The application of FL in choice experiments is still relatively uncommon though increasing examples can be found. One of the early applications of FL in CE can be found in Hoogendoorn-Lanser and Hoogendoorn (2000) who applied the FL technique to analyse travel choice behaviour where the travellers’ perception and appraisal of the trip attributes were considered to be vague. In this case, in-vehicle time, access, egress and waiting times (at first stop and at transfers) formed the main attributes in the choice set while fuzzy utility of the alternative formed the output variable in the FL system. The premise of this paper was that people’s perception of time is subjective and hence FL theory was applied to model the impact of travel time. In order to obtain a rule base that optimises the percentage correct predicted, the authors applied Genetic Algorithm (GA) where the subset of
optimal rules were selected from the total possible rules. The authors found that compared to the logit model, the FL model with GA yielded significantly better model with fewer set of decision rules required to correctly approximate travellers’

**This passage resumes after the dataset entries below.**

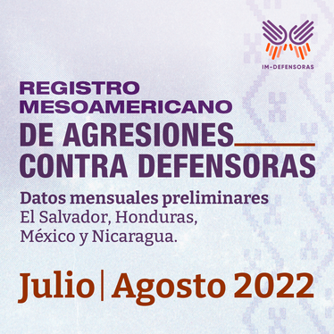 Mesoamerican Registry of Attacks against Women Defenders: July/August 2022 -- Preliminary monthly data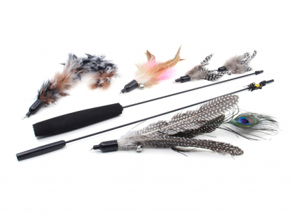 Vytahovatelná udice pro kočku se sadou 5 různých závěsných pírek s rolničkou. Nabudí kočku ke společnému dovádění a rozšíří dovednosti pravého lovce.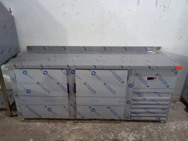 - Paslanmayan polad mətbəx masası‑dolab – geniş iş səthi, sağda çoxgözlü siyirtmələr, solda sürüşən/qanadlı qapılarla saxlama bölmələri. Arxa tərəfdə sıçramaqdan qoruyan bort.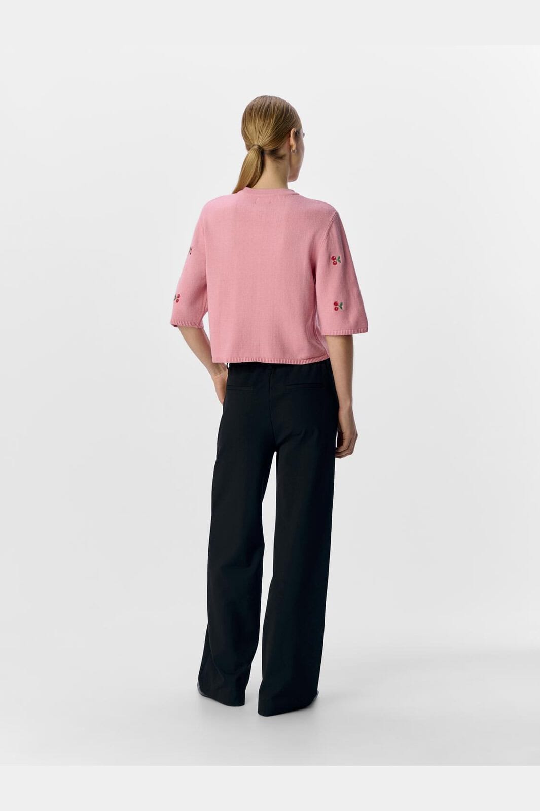 Cardigan rose de Object avec broderie de cerise sur l'ensemble du design. Il a un col rond et des manches 3/4 avec des bords côtelés aux poignets. Les boutons à l'avant le rendent facile à enfiler et à retirer.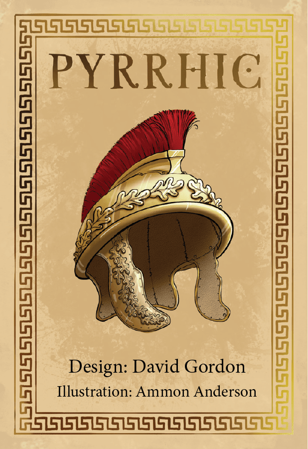 A small run of under 100 copies of Pyrrhic was self-published for the 2025 PAX Unplugged Indie Night Market. Therefore it did not undergo the extensive development and testing most games go through before release. As such, the following clarifications are necessary for the rules: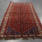 A Kurdish carpet, early 20th century, the red field with a central stem issuing flowering branches, within an ivory flowerhead and vine border, 293cm x 175cm.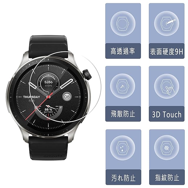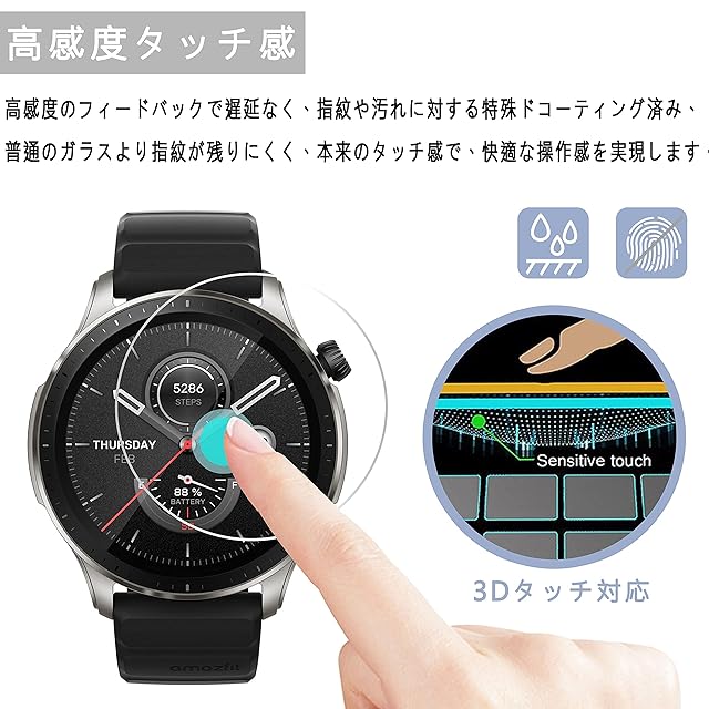 【3枚セット-高 品質】対応 Amazfit GTR 4 ガラスフイルム amazfit gtr4 フイルム 保護フィルム 強化ガラス 画面保護シート 液晶シール カバー 液晶保護 ソフト 【 日本旭硝子素材採用 硬度9H 耐衝撃 飛散防止 超薄 気泡ゼロ 高感度 撥油性 指紋防止 超耐久 】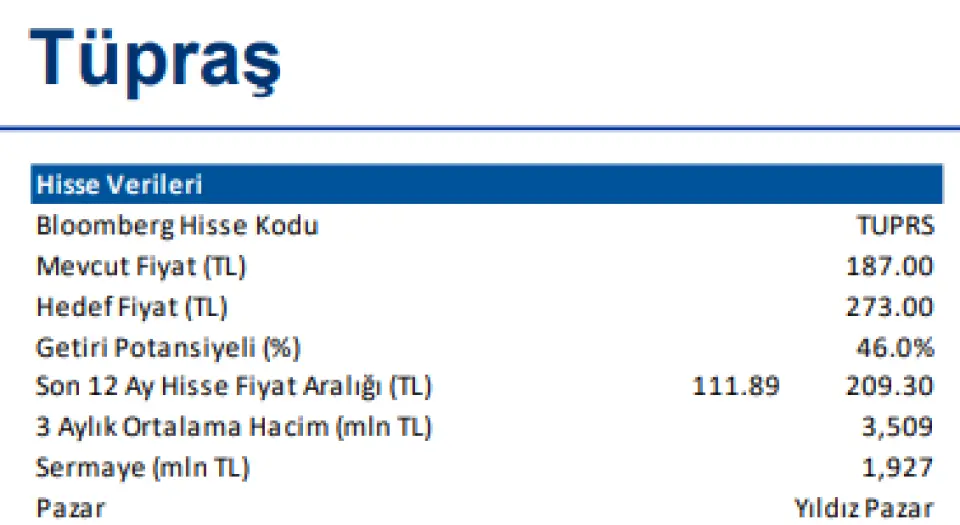 Deniz Yatırım Tüpraş (TUPRS) – AL – Hedef Fiyat: 273,00 TL
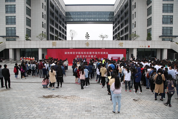 4月26日,我校东校区图书馆开馆典礼暨读书月活动开幕式在东校区图书馆大楼东侧前举行。党委副书记黄建平,党委委员、宣传部长杜宁出席,宁波大学图书馆、湖州市图书馆、科技处、人文社科处、招就处、校园建设处、团委、我校图书馆负责人、各二级学院副书记与学生代表等共同参与了本次活动。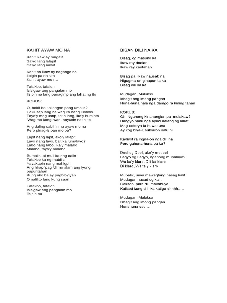 Kahit ayaw mo na lyrics printable. Please if u can DONT MIND my angle. Lyrics to Kahit Ayaw Mo Na. Kahit ikaw ay magalit Sayo lang lalapit Sayo lang aawit Kahit na ikaw ay nagbago na Iibigin pa rin kita Kahit ayaw mo na Tatakbo tatalon Isisigaw ang pangalan mo Iisipin na lang panaginip ang lahat ng ito O bakit ba kailangan pang umalis.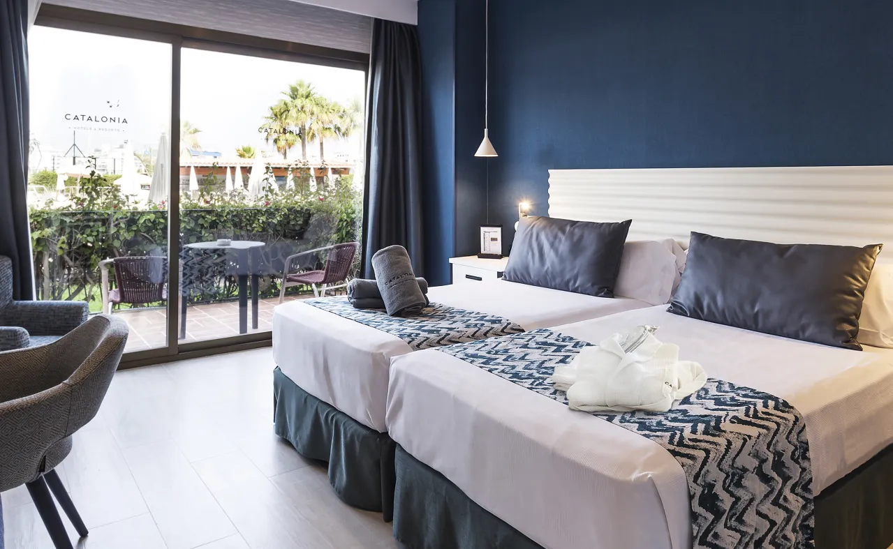 Descubre un oasis rodeado de sombrillas y palmeras en nuestro hotel, que cuenta con una magnífica piscina y dos jacuzzis exteriores para relajarte mientras contemplas un paisaje mediterráneo de ensueño. Si prefieres tumbarte al sol, junto a la piscina y a orillas de la playa encontrarás tumbonas donde broncearte. Disfruta durante el día de unas tapas, un cóctel o un refresco en el bar de la piscina mientras te conectas a wifi gratuito disponible en todas nuestras instalaciones.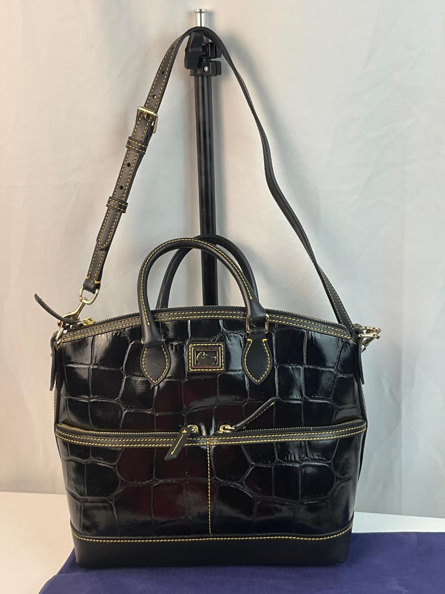 New With Tags Dooney & Bourke Black embossed crocodile handbag with optional shoulder strap and double front pockets.

choices. Thus in this case, the FL method was found to be a good descriptive tool for human behaviour.
Another application of FL in mode choice analysis was conducted by Mizutani and Akiyama (2001). In this case, the authors developed a multinomial logit model with fuzzy utility function for different mode choices and several explanatory variables. Fuzzy utility which formed the output was classified into ‘positive’ and
‘negative’ values while the effect of each explanatory variable on utility was incorporated into the system through fuzzy rules. Using trial and error as well as GA, the authors estimated the values of the linguistic variables as well as the parameters of the membership function that comprised the FIS. While this approach provided a unique perspective to model travel choice, the authors only related the effect of each input variable on the fuzzy utility. Thus, no rules were developed which incorporated the combined effect of various inputs on respondents’ choice.
In yet another application of the FL method to mode choice analysis, Cantarella and Fedele (2003) developed a fuzzy utility model (FUM) with several attributes where fuzzy utility can be depicted as a choice fraction vector which is a function of the core vector. The core vector in this case reflects the difference between the deterministic utilities of the alternatives. By considering the width of the fuzzy density function, the parameters associated with the core vector were estimated by trying to reproduce the observed choices. The distance between the observed and modelled values provided an estimate on the relative effectiveness of the set of parameters with the minimum of the values leading to the final parameter estimation. While this appears as a plausible method of parameter estimation, the authors do not explicitly specify the method. Moreover, with the trial-and-error procedure, this process can be cumbersome.
Using a neuro-fuzzy method to estimate rule weights and parameters for the fuzzy membership function, Vythoulkas and Koutsopoulos (2003) applied the FL theory
in modelling discrete choice from mode choice. Travel time, travel cost and access/egress time formed the main attributes in the choice experiment which were incorporated in the FIS using the difference method. The output of the FIS comprised of five membership functions reflecting the preference level for each of the alternatives (train and car). The rule base in this study was based on each alternative. By examining the effect of different rules base on the percentage correct predicted, the authors sought to emphasise the importance of optimal weights on correct prediction. It was observed that with the deterministic choice rules, the correct prediction increased from 72.3% in case of equal weights to 77%
when optimal weights were used. While neuro-fuzzy method had been shown to model respondents’ decision-making fairly well, the authors also acknowledged that defining the criteria for calibration, development of rules base and the calibration of parameters posed some difficulty with the implementation of this method.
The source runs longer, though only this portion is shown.